After his stop-off at Musa's, he launches himself into fasting and penance with prideful thoroughness, choosing the most remote and uncomfortable cave, and refusing food and water not only by day, like the others, but at night as well. Triumphantly he observes his urine darkening and then drying up altogether. He had brought no supplies or equipment; it is up to God to feed him.
Crace gives everything a double sense; he never shows his hand. Ostensibly his Jesus is somewhere between a holy brat and a holy fool. Yet as the days pass something else appears. His body disintegrates, but that is not the worst. “If you go into the wilderness to fast, not just your body but your spirit will, against all faith, begin to bleed.” Crace writes; a shivering gloss on the dark night of the soul.
“Fortunately,” he adds—and we do not know how to take the word—Jesus' spirit is so shattered that it is unable to impose moderation, as every religious and reasonable precept would presumably have him do.
Before the 40 days are up, he will stagger out of the cave and die. Musa and the pilgrims disperse. Have there been miracles? Musa recovered, but he might have anyway.

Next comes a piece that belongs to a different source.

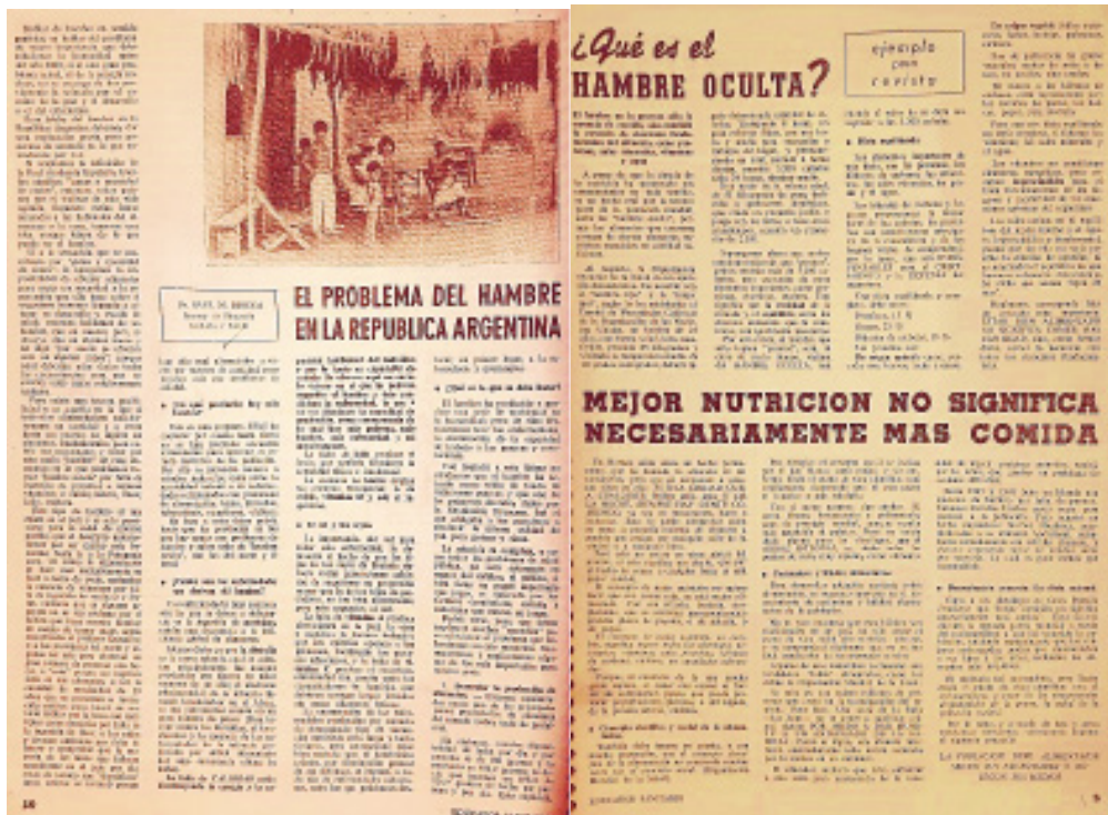
Figura 1. El problema del “hambre oculta” en la Argentina Fuente: (20, p. 10;21;22).

Apha's tumor seems diminished, and Marta is pregnant. True, Musa raped her; still, she insists that Jesus appeared and touched her. Of course that will be a suspiciously convenient story to take back to her husband. Shim, the only one who refused to pray to Jesus, is also the only one unchanged.
Ostensibly Crace is anti-miracle. On the other hand, what is a miracle? Can these presumably natural causes be looked at as an extension—admittedly nervy and no doubt heretical—of the much nervier miracle of incarnation?
If the author clobbers belief with irony, he subverts—more delicately—irony with belief, a belief in mystery, if not necessarily the Christian mystery. At the end, Musa is off to Jericho to set up as a healer and teller of Jesus stories. For a profit, to be sure; yet the last we see of him, he is being followed at a distance by the elusive, almost transparent figure of Jesus himself—a hallucination perhaps, and perhaps not.